The Cordillera de Mérida is a series of mountain ranges, or massif, in northwestern Venezuela. The Cordillera de Mérida is a northeastern extension of the Andes Mountains and the most important branch of the Venezuelan Andes. The ranges run southwest–northeast between the Venezuelan-Colombian border and the Venezuelan Coastal Ranges. The Táchira depression separates the Cordillera de Mérida from the Cordillera Oriental, which forms the Colombia-Venezuela border.

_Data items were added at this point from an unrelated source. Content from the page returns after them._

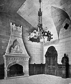 The 9 m × 12 m council chamber was particularly ornate. Under the wooden beam ceiling, a Rabitz construction created an imitation vault with the cross-section of a Tudor arch and pointed caps, giving the impression of a vault made entirely of sandstone. Heavy chandeliers, designed by architect Otto Nachtigall, were suspended from the ceiling in two places. The wrought iron light fixtures are riveted with bronze decorations in the shape of wild boar and bear heads, evoking the nearby Grunewald Forest.[2]
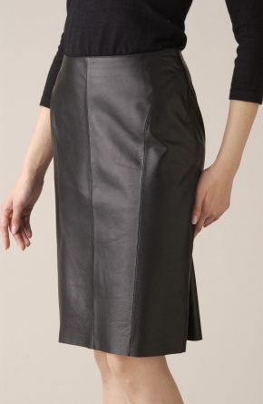 ピッグレザーは摩擦に強く傷つきにくく柔らかいという特徴を持ってるので、スカートにもピッタリです。サイドのアーチ型の切り替えラインはとてもスタイリッシュに見えます。タイトラインのシュリエットを崩さず後ろに入れたマーメードフレアーはエレガントでとてもお洒落。サイズ&カラーバリエーションも豊富な商品です。是非お気に入りをゲットしてください。
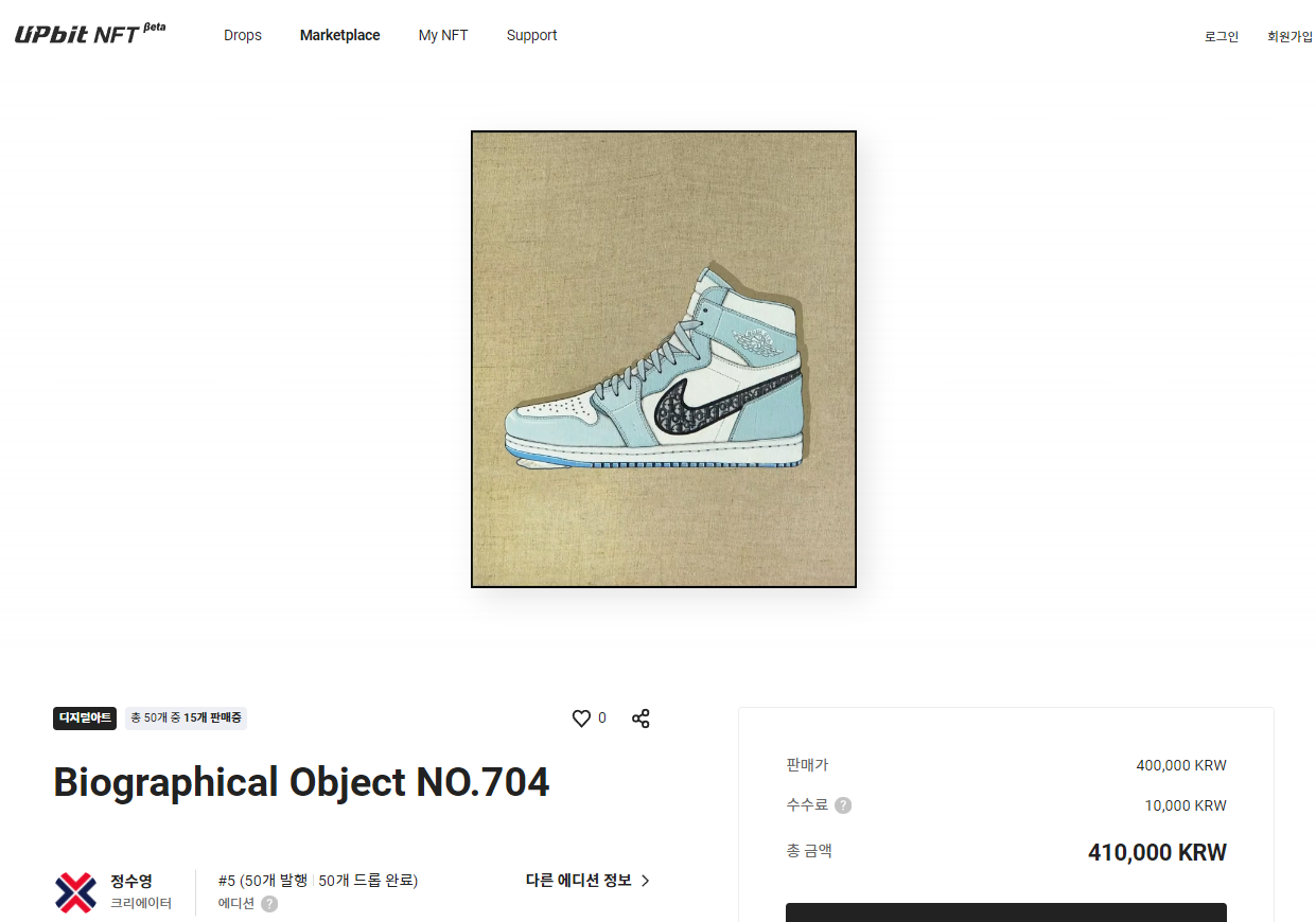 업비트 NFT Beta에서 거래되는 NFT 역시 개별 개체로 대체 불가능한 미술NFT를 포함한 디지털 콘텐츠를 원저작권자로부터 NFT발행부터 유통에 대한 권리를 부여받아 한정적으로 발행되는 방식으로 진행됩니다.
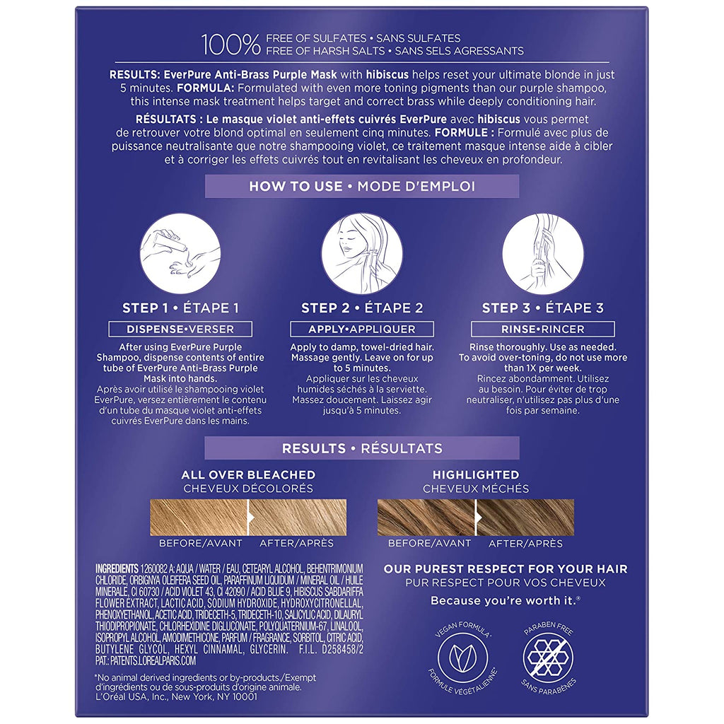 L'Oreal Paris EverPure Ultra Pigmented Anti Brass Purple Rinse-Out Mask for Bleached, Blonde or Highlighted Hair, 3 Ounce
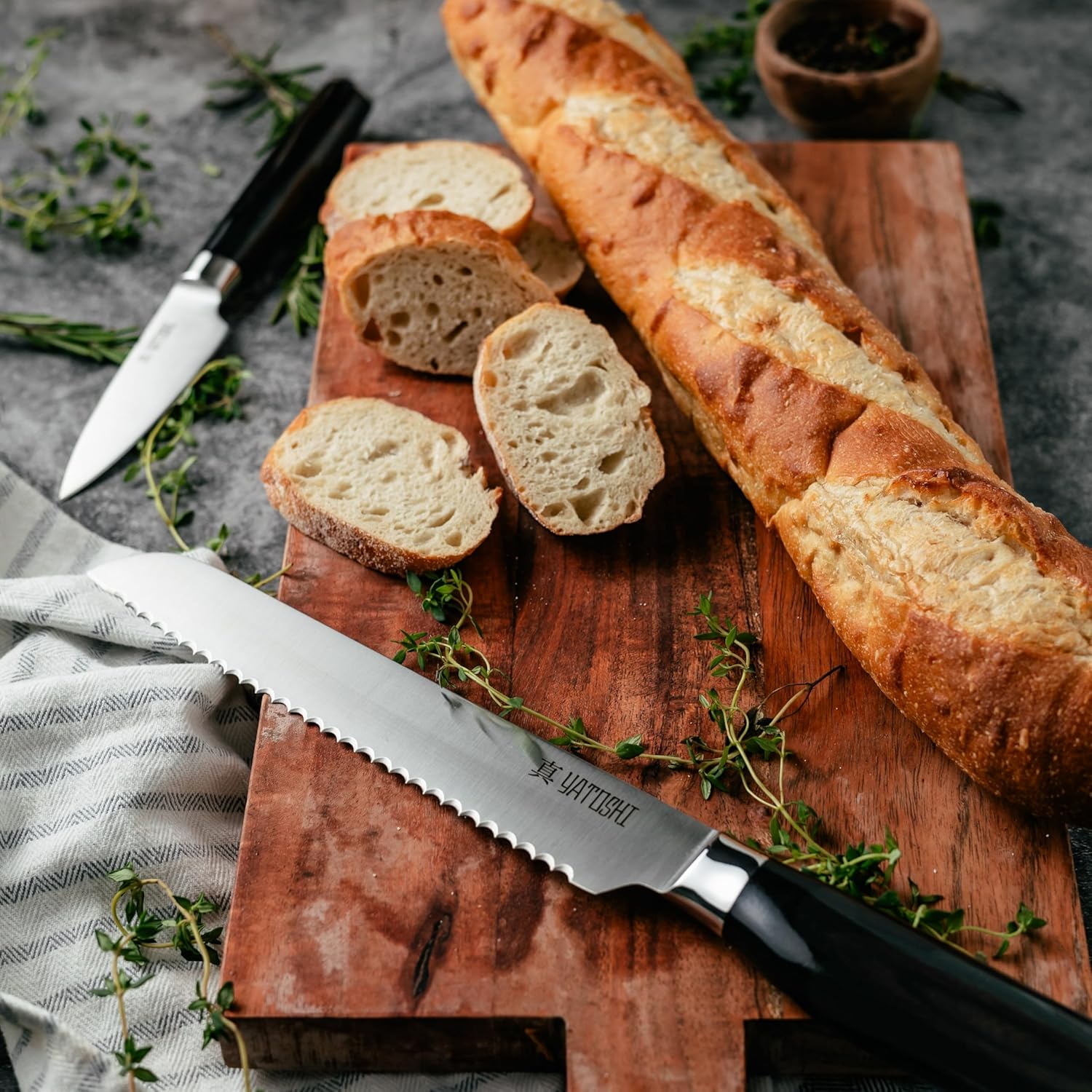 - Set Includes: 1x 8” Chef Knife, 1x 8" Bread Knife, 1x 3.5” Paring Knife
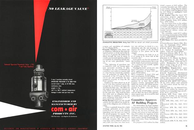 The $834-million Air Force construction program approved by House Appropriations Committee for fiscal 1955 provides for the Air Force Academy, new strategic and tactical air bases and more than $75 million for expansion of two of USAF’s major research and development centers—Arnold Engineering Development Center, Tenn., and Edwards AFB, Calif.
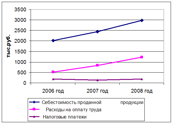 За анализируемые три года можно наблюдать, увеличение выручки от реализации на 50-60%, а увеличение себестоимости продукции всего лишь на 20%. Значительное повышение выручки в 2007 году, и увеличение всего лишь на 20% себестоимости, привело к начислению ЕСХН в 38319 рублей. Значительный рост выручки позволил увеличить оплату труда, и конечно же привел к получению прибыли предприятием в 2007 году, но не следует забывать, что специфика сельского хозяйства, количество и качество продукции во многом зависят от погодных условий. Так в 2008 году обьём выручки практически не изменился, а вот затраты на оплату труда выросли, что привело к увеличению расходов.
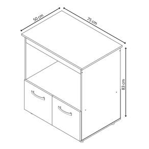 Medidas: 85,5 cm (A com pés) x 75 cm (L) x 50 cm (P). Os pés têm 5 cm de altura, são fixos e feitos em plástico resistente. Possui puxadores cromados e acabamento elegante que se adapta a diversos estilos de cozinha.

The ranges runs from southwest to northeast and parts lie within each of the following states: Táchira, Mérida, Barinas, Trujillo, Portuguesa and Lara. The southeastern slopes are drained by tributaries of the Orinoco River, while the streams that drain the northwestern slopes empty into Lake Maracaibo. At the northeast tip of the massif lies the town of Barquisimeto and the headwaters of the River Cojedes.
In the centre of the massif is the city of Mérida. Two ranges of peaks lie on either side of the city, the Sierra de la Culata to the north and Sierra Nevada de Mérida to the south. Pico Bolívar, at 4,981 meters elevation (16,342 feet), is the highest peak in Venezuela.

Most of the ranges are covered by Venezuelan Andes montane forests, although the highest elevations (above 3,100 meters) are above tree line.  These ranges are home to the Cordillera de Mérida páramo, an enclave of the páramo (tropical alpine grasslands) of the northern Andes. Protected areas in the massif include Sierra Nevada National Park and Sierra La Culata National Park.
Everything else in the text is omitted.